We recorded whether and when the Palliative Care Service evaluated patients. From medical records, interviews of patients, families, and RCU caregivers, and hospital databases, we collected information about patients’ sociodemographics and health, including complications and outcomes of treatment for chronic critical illness. We collected additional information including diagnoses and data for APACHE II (26) and Charlson Comorbidity Index scores (27).
Statistical Analysis
We used multivariate logistic regression to identify factors associated with limitation of treatment. Candidate variables included demographic characteristics (age, gender, race/ethnicity, religion, insurance status, marital status, residence before hospital admission), clinical information (Charlson Index, number of acute comorbidities, transferring ICU, severity of illness, number of complications during RCU treatment, evaluation by Palliative Care Service) and advance directives (HCP, oral advance directive/living will, do-not-attempt-resuscitation directive). These were entered into a forward regression equation (entry criterion of 0.05 for the final model).
Results
Among 330 tracheotomized patients consecutively admitted to the RCU during the study period, 230 were eligible, 100 were excluded, (37, 30, 20, and 13 patients were excluded for prior ventilator dependence or RCU treatment, transfer from another hospital, language barrier, or other reasons, respectively) and 203 (88.2%) were enrolled (consent by 56 patients, 147 surrogates). Consent was refused for 24 patients and not sought for 3 because death supervened. Eighty-nine patients were discharged alive from the hospital and all but 4 (lost to follow-up) were followed for 6 months.

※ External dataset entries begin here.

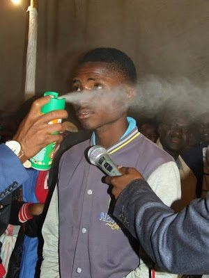 A “Prophet” Lethebo Rabalago from the Mountzion General Assembly in Limpopo, South Africa, has been pictured using Doom (an insect killer) to heal his followers during a service and prayer meeting over the weekend. Shared via the church and his alleged personal Facebook page, the prophet is seen spraying the chemical directly on their faces and body parts, in order to heal them
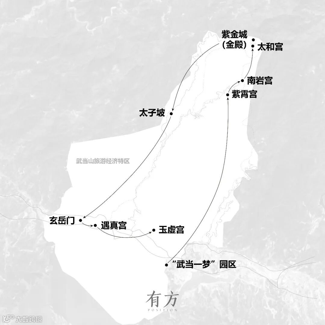 考察明代皇家祭祀礼制的巅峰表达、我国现存形制最高的铜铸鎏金大殿——金殿;石作艺术巅峰“龙首石”所在地、传说中真武飞升之处——南岩宫;因火灾关闭十年后重现江湖的“太极祖庭”、武当气功太极拳发源地——遇真宫;武当山建筑群中规模最大的宫观、王世贞《武当歌》中“玉虚仿佛秦阿房”所指——玉虚宫;真武大帝修行之所、“九曲黄河墙”保留最完整的地方——太子坡;
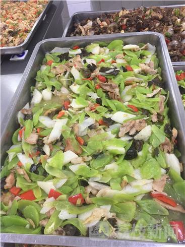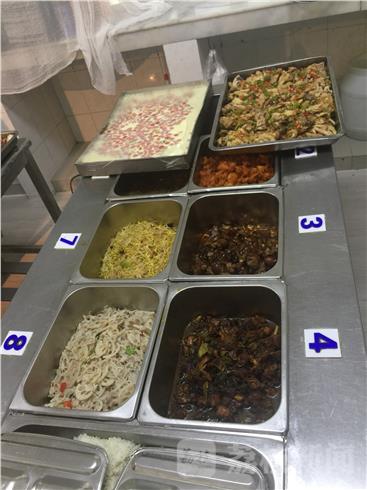 该校食堂共计7500平方米,分为三层。记者在现场看到,糖醋里脊、爆炒花甲、口水鸡、椒盐大排、剁椒鱼……十多个档口、近百种菜品,让人眼花缭乱。除此以外,学校在饭点还会提供各类中式、西式点心,共计60多个品种。
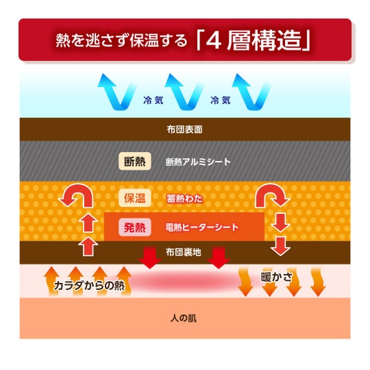 足元のヒーターから出た熱を蓄熱わたで包み込んで保温し、断熱アルミシートによって暖かい空気を布団の中に閉じ込めます。表面にはふんわりとした起毛生地を使用しているため、肌触りもなめらか。布団に入った時のヒヤッとする嫌な感じが一切ありません。
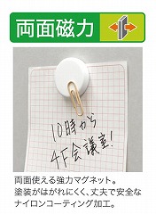 両面磁力がある強力カラーマグネットです。表面はナイロンコーティング加工なのでスチール面を傷つけません。
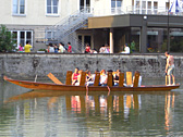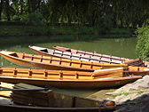 There is a famous punt boat race along the Neckar river in June. In summer, tourist season, boat tours are available as an attraction. From in front of the round tower on the bank, visitors can take boats like these long, punt boats. I highly recommend booking a seat in advance, otherwise you can't take a boat, like us.
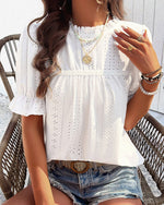 SPECIFICATIONS Top Type: Tops Style: Casual Material: 100% Cotton Occasion: Daily Neckline: Round Neck Pattern Type: Solid Color Sleeve Type: Raglan sleeve Sleeve Length: 3/4 Sleeve Fit Type: Loose Season: Spring, Summer, Fall Details: Hollow Out, Lace Package Includes: 1 x Top SIZE TABLE (cm) Size Bust Length Sleeve Length...
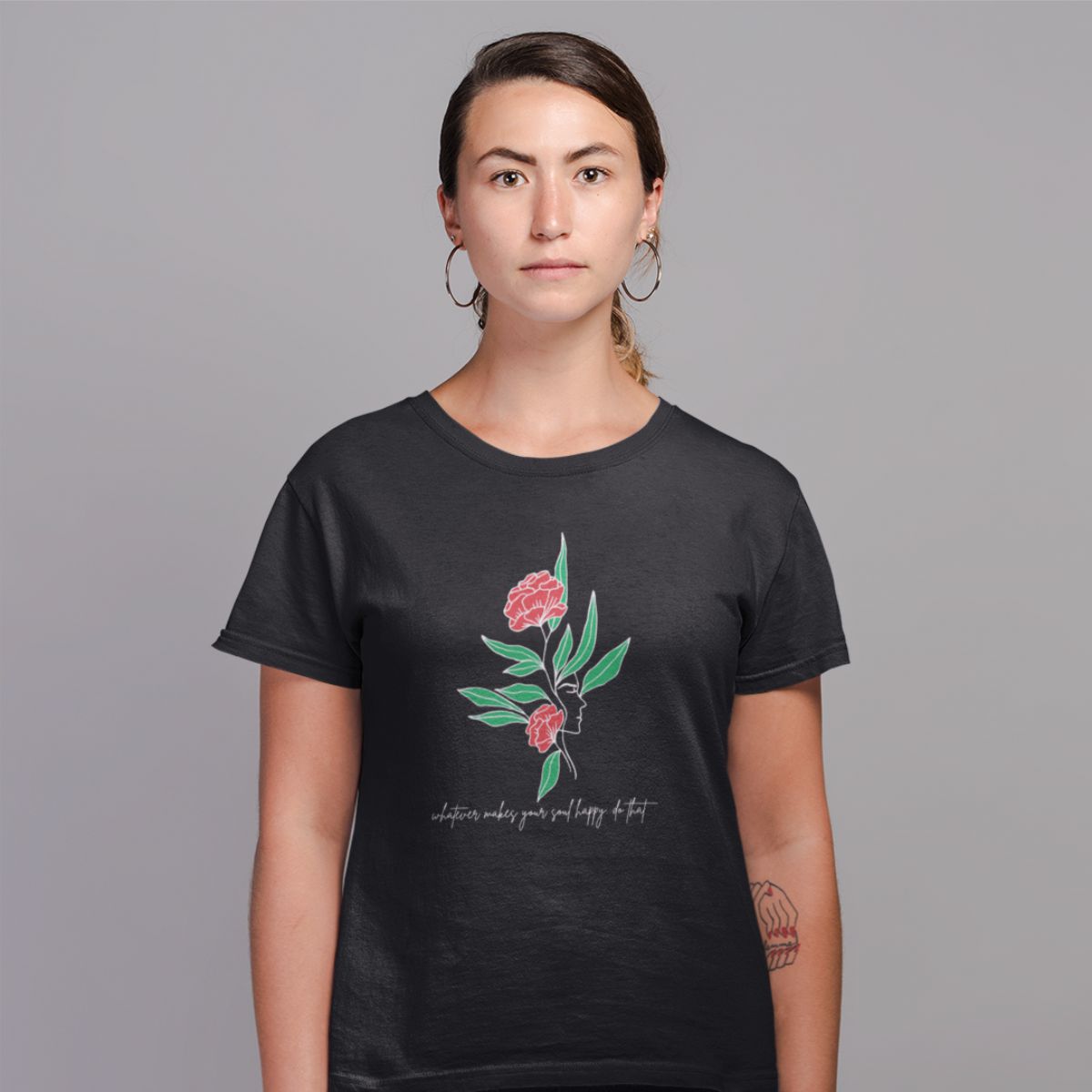 Juodi medvilniniai marškinėliai "Whatever makes you happy"
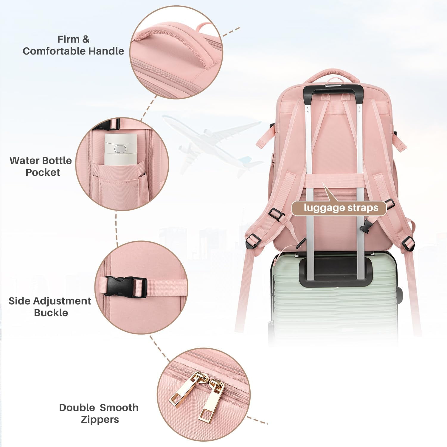 - Versatile Functionality: Offers a wet layer for toiletries, top handles, a side pocket for a water bottle or umbrella, a luggage strap, and a hidden anti-theft pocket for valuables.
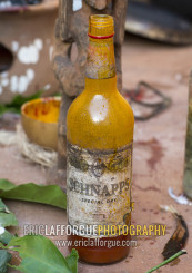 Benin, West Africa, Bonhicon, schnapps bottle used during a voodoo ceremony
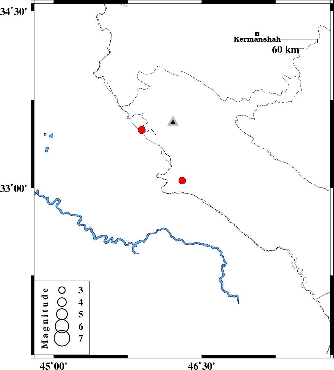 2022/10/25 | 13:20:08.5 | 16:50:08.5 | 33.063 | 46.303 | 12 | ML3.2 | Ilam Province, 14 km -East of Mehran |
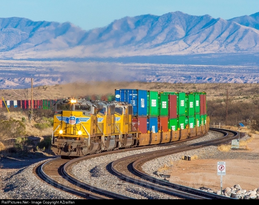 | UP 8377 leading the Dallas (DIT), TX to Long Beach (ICTF), CA intermodal up the 1.65% grade out of Benson, AZ |

Characteristics of the patients are in Table 1. Most were older adults (median age 72 years) with multiple, chronic comorbid conditions. Our cohort comprised individuals of differing racial and ethnic backgrounds, including significant representation for blacks (26%) and Hispanics (18%) as well as whites (52%). Of patients for whom information about religious identification was available (n=181), 40% were Catholic and 30% Jewish. Most patients had health care insurance (Medicare, Medicaid, or private sources). Clinical outcomes were generally poor, as previously described for this cohort (13). More than two-thirds of these patients experienced a major complication during treatment for chronic critical illness, half remained ventilator-dependent, more than half were dead by six-months after hospital discharge, many had permanent brain dysfunction, and the vast majority of survivors required permanent custodial care in skilled nursing facilities (13).
Table 1.
Median age, yrs (range) | 72 | (21–99) |
Male | 117 | (58) |
Race/Ethnicity | ||
• White, non-Hispanic | 106 | (52) |
• Black, non-Hispanic | 53 | (26) |
• Hispanic | 36 | (18) |
• Other | 8 | (4) |
Marital Statusa | ||
• Married | 93 | (48.9) |
• Divorced/Separated | 17 | (8.95) |
• Widowed | 45 | (23.7) |
• Never married | 35 | (18.4) |
Religionb | ||
• Catholic | 73 | (40.3) |
• Protestant | 12 | (6.63) |
• Jewish | 55 | (30.4) |
• Muslim | 6 | (3.31) |
• Other | 35 | (19.3) |
Insurancec | ||
• Medicare | 136 | (75.1) |
• Medicaid | 30 | (16.6) |
• Private/Commercial | 34 | (18.8) |
• None | 1 | (0.55) |
Residence Before Hospital Admissionc | ||
• Home | 153 | (76) |
• Rehabilitation Facility | 8 | (4) |
• Nursing Home | 24 | (12) |
• Other | 16 | (8) |
Charlson Comorbidity Index Score(27), mean ± S.D. | 4.5 | ± 2.7 |
Cognitively Impaired at Hospital Admissiond | 37 | (18) |
Cognitively Impaired at Study Entrye | 143 | (75) |
Multiple Acute Comorbiditiesf | 98 | (48.3) |
Primary ICU Admitting Diagnosis | ||
• Cardiovascular | 45 | (22) |
• Pulmonary | 75 | (37) |
• Neurologic | 33 | (16) |
• Surgical | 31 | (15) |
• Other | 19 | (9) |
ICU transferring to RCU | ||
• Medical | 128 | (63) |
• Surgical | 23 | (11) |
• Cardiothoracic | 2 | (1) |
• Neurosurgical | 40 | (20) |
• Cardiac Care | 10 | (5) |
ICU Length of Stay, median (IQR), days | 16.0 | (11–22) |
APACHE II Score(26) (at study entry), mean ± S.D.c | 20.5 | ± 5.1 |
Number of days of Mechanical Ventilation, median (IQR), daysg | 40.0 | (28–51) |
RCU Course with Complicationsh | 167 | (83) |
N = 190 (data unavailable for 13 patients);
N = 181 (data unavailable for 22 patients);
N = 201 (data unavailable for 2 patients);
Defined as history of dementia, decreased level of consciousness, confusion, memory loss, or other cognitive impairment reported by the family or documented in the medical record;
Defined as score of > 10 on 6-Item Orientation-Memory-Concentration Test(57) (n=19); lacking sufficient cognitive capacity to respond to this screen (n=124); 13 patients refused screen;
Patients experiencing > 3 acute comorbidities, defined a priori, before RCU treatment;
Calculated as number of days from intubation to extubation, death, or hospital discharge;
Patients experiencing complications defined, a priori, during RCU treatment.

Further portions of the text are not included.